▶ TRY IT
Reproduce the opening lines of the listing below exactly, stopping after the line that contains "Çocuk Dostu Belediyecilik" and leaving out any pictures.

▶ PROVIDED MATERIAL
┄┄┄┄┄┄

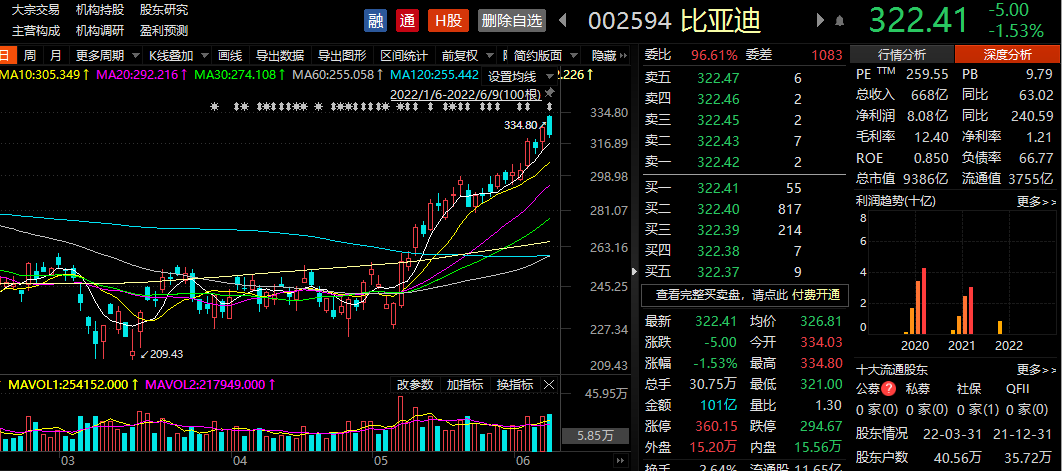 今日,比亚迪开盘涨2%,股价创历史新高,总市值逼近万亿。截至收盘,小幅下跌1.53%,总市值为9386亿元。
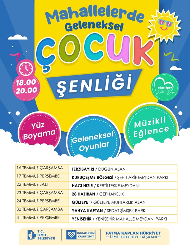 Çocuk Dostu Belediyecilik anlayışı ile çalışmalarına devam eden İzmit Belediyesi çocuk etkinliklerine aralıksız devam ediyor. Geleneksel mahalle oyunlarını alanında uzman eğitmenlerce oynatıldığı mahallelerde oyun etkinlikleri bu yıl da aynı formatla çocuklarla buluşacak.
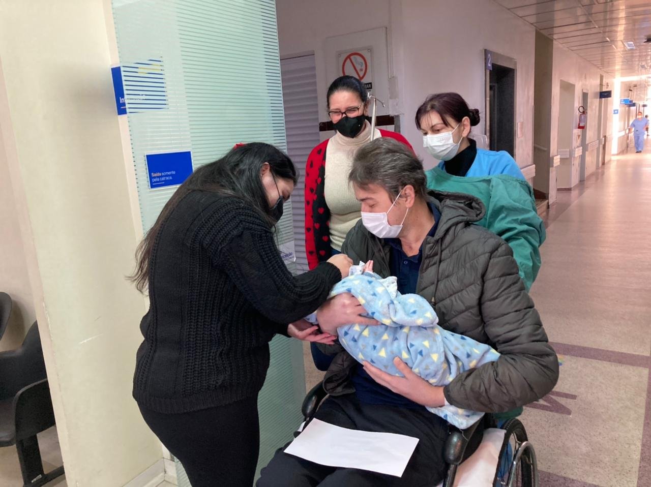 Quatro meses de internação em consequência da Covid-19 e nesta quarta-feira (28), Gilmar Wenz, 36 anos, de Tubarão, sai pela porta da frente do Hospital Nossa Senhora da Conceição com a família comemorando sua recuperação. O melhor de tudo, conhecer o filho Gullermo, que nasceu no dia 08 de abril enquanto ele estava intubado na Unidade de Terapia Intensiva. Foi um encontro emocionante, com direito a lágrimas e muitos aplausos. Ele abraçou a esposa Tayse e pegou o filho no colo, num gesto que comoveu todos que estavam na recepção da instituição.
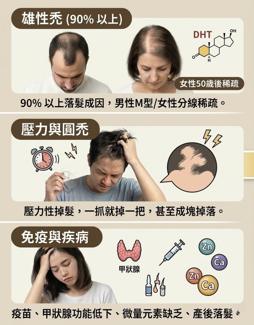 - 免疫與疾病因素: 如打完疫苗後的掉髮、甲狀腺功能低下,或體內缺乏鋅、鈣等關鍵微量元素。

┄┄┄┄┄┄

▶ RESULT FOR THIS EXERCISE
 今日,比亚迪开盘涨2%,股价创历史新高,总市值逼近万亿。截至收盘,小幅下跌1.53%,总市值为9386亿元。
 Çocuk Dostu Belediyecilik anlayışı ile çalışmalarına devam eden İzmit Belediyesi çocuk etkinliklerine aralıksız devam ediyor. Geleneksel mahalle oyunlarını alanında uzman eğitmenlerce oynatıldığı mahallelerde oyun etkinlikleri bu yıl da aynı formatla çocuklarla buluşacak.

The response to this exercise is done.